The invention has been described using exemplary embodiments of organic photoconductors which a multilayer arrangement with an underlayer, a charge-generating Layer and a charge-transporting layer. But the invention is also applicable to photoconductors that have a single-layer photoconductive layer. Such photoconductors are also within the scope of the present invention, insofar as the thermal expansion coefficient of the cross-linked PPS resin for the carrier and that of the photoconductive layer fulfill the aforementioned condition.
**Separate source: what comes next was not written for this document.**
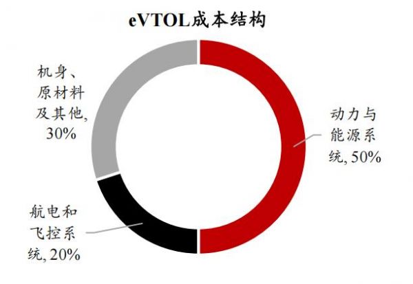 eVTOL中价值量最高的是三电环节,动力与能源系统(电机、电池和电控)的成本占比能达到50%。三电技术脱胎于纯电汽车,近些年国内新能源车的发展,为eVTOL落地提供坚实技术底座。

Furthermore, although the present invention is described with reference to FIG Carbon black and glass fibers have been described as conductive powders and inorganic fibers, respectively added to the PPS resin for the conductive carriers come within the scope of the present any other combinations of conductive powder, such as metal powder or metal oxide powder, and inorganic fibers such as carbon fibers or metal fibers Consider as far as the coefficient of thermal expansion of the cross-linked PPS resin carrier and that of the photoconductive layer meet the aforementioned condition.  

Formula attachment

Claims (12)

1. Organic photoconductor for electrophotographic applications, comprising a cylindrical, conductive carrier ( 1 ) which contains a cross-linked polyphenylene sulfide resin, electrically conductive powder and inorganic fiber material, and an organic photoconductive layer arrangement ( 5 ) brought onto the carrier, characterized in that the Ratio of the thermal expansion coefficient A of the carrier ( 1 ) and the thermal expansion coefficient B of the photoconductive layer arrangement ( 5 ) fulfills the condition 1/2 <A / B <1/4. 2. Photoconductor according to claim 1, characterized in that the electrically conductive Powder includes carbon black. 3. Photoconductor according to claim 1 or 2, characterized in that the inorganic Fiber material includes glass fibers. 4. Photoconductor according to one of claims 1 to 3, characterized in that the thermal expansion coefficient A is in the range from 2.0 × 10 ^-5 to 4.0 × 10 ^-5 K ^-1 . 5. Photoconductor according to one of the preceding claims, characterized in that the thermal expansion coefficient B is in the range from 6.0 × 10 ^-5 to 10 × 10 ^-5 K ^-1 . 6. Photoconductor according to one of the preceding claims, characterized in that the content of the polyphenylene sulfide resin is 40 to 65% by weight. 7. Photoconductor according to one of the preceding claims, characterized in that the photoconductive layer arrangement ( 5 ) comprises an underlayer ( 2 ), a charge-generating layer ( 3 ) and a charge-transporting layer ( 4 ). 8. A photoconductor according to claim 7, characterized in that the underlayer ( 2 ) comprises a melamine resin and metal oxide powder, the coefficient of thermal expansion of which is lower than that of the melamine resin. 9. A photoconductor according to claim 7, characterized in that the lower layer ( 2 ) contains a polyamide resin and metal oxide powder, the thermal expansion coefficient of which is lower than that of the polyamide resin. 10. Photoconductor according to one of claims 7 to 9, characterized in that the charge-generating layer ( 3 ) comprises a polyvinyl chloride resin. 11. Photoconductor according to one of claims 7 to 10, characterized in that the charge-transporting layer ( 4 ) comprises a polycarbonate resin. 12. Photoconductor according to one of claims 1 to 6, characterized in that the photoconductive layer arrangement ( 5 ) consists of a single layer.